Lori shook his head in wonder, unable to understand this kind of thinking. “What is it with you? I didn’t pick this body any more than you picked that one. I’d trade you if I could. There are times I would have killed for a shape like that. But look at you! Is it so awful being a woman? You’re young, probably very pretty by the standards of your race, and in an incredibly short time you’ve managed to get this far up in the drug trade. Some new start, but I guess it’s what you know. I’m broke and helpless in a backward me­dieval desert, for god’s sake!”

“Being a woman is bad enough,” Campos responded an­grily. “It is hell to me! And yes, I am very beautiful by Cloptan standards. Do you know how hard it was to adjust to that? To have every lecherous Cloptan man pawing you? Do you know what I had to lower myself to do to get to this? I do not own this lab, nor do I control it. Finding the Cloptan underworld was not difficult, and they were inter­ested in me because I came from the same business but on a different world. No, getting inside was not difficult, but once there I was just another girl, just another piece of fur­niture to them! Me! The son of the greatest patriot of mod­ern Peru, the man who could strike and corrupt and bring down the most evil and powerful oppressor of all Latin peoples with a weapon as simple and impossible to fight as common coca! I had to defile myself! To swallow all pride and self-respect and put myself in the gutter! I am nothing in this organization except a powerful man’s current favor­ite toy! But now, now, it is all worthwhile. Here you are. If I can get the others, too, it will be complete. Brazil and that other bitch. Even if fortune does not smile, however, it has smiled enough. For a while yet we will play games so that I may have the satisfaction to repay my humiliation! Then, when the time is right, you, ‘goddess of the trees,’ will will­ingly and cheerfully beg to let me let you put things right. It may take weeks or months yet, I hope not years, but one day you will put things right for me and repay all the suf­fering that you have caused! Once you are under the drug’s spell, you will willingly tell me anything and everything. If you are what some say you are, then one day we will take a trip, just us girls, and you will go inside this world and put me right!”
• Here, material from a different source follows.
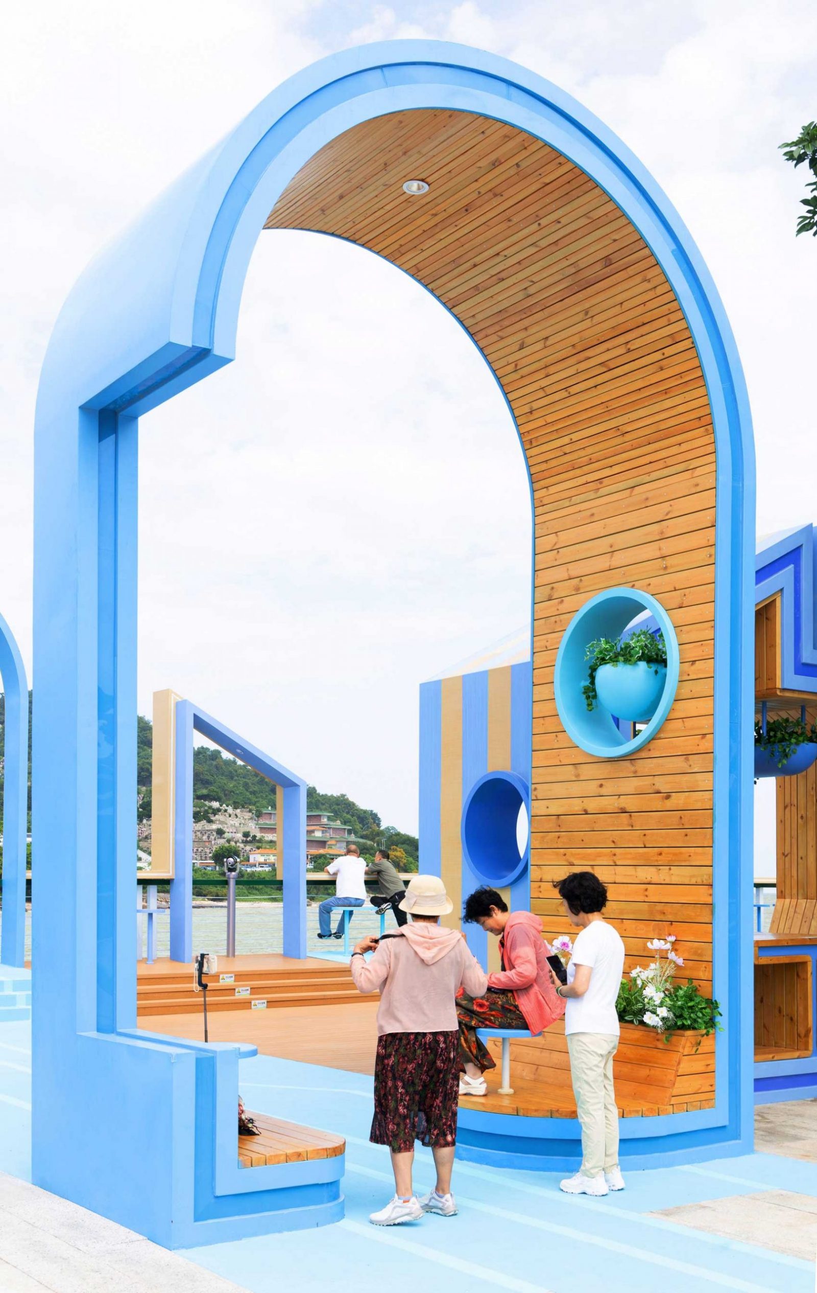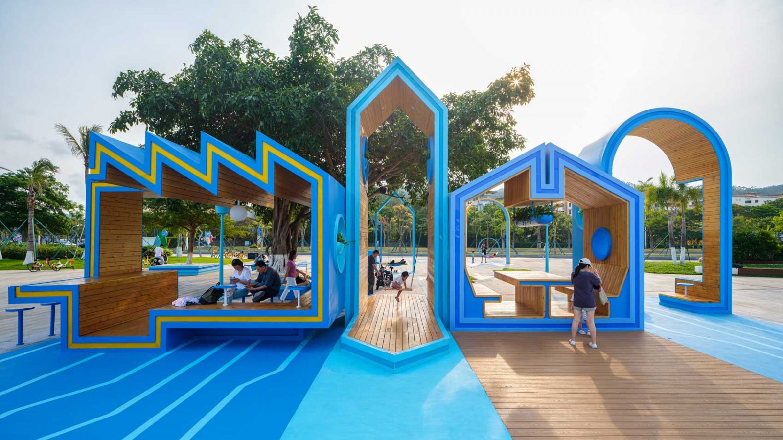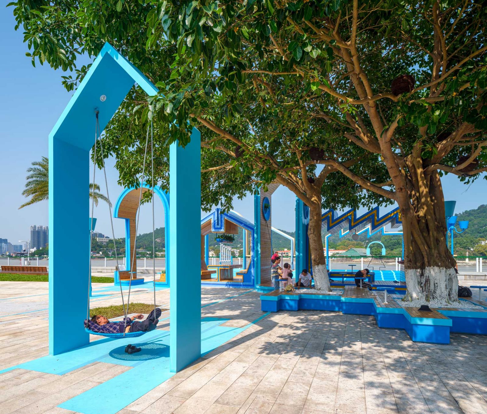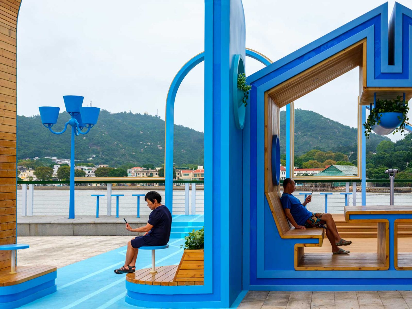La intervención presenta un grupo de cápsulas diseñadas con siluetas distintivas y atractivas, creando un horizonte colorido visible desde Macao.
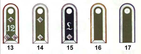 - Цвет петлиц (в вермахте — просветы в петлицах), погонов (просветов на них) и других знаков различия;

So that was it, Mavra thought. One more horror to en­dure, one more long torment, but the direction that damned Machiavellian Well was taking was now clear. It was sad that Lori yet again had been dragged into this. Mavra had mostly wanted to help them. Well, if he stayed alive, maybe someday she still could. There was certainly nothing to be done now. She just wished she’d listened to them and left Juan Campos back on Earth or finished him off. Damn her sense of fair play! One could totally change such as him, but he remained as evil as ever. He had already changed more than he knew or wanted to recognize, judging from what he’d done as a female and even how she now spoke and moved. But the Well did nothing to change that inner self, and Juan Campos had been an insane, evil, power-mad egomaniac in his former life, and the new persona had done nothing to change that but had reinforced it.

Sooner or later, though, no matter what was to come, she’d be taken to the Well. There was no question that such a sophisticated operation could get the truth out of her. It could only be hoped that Campos was so insane she be­lieved that inside the Well, in a Markovian body, she could still dictate to Mavra Chang.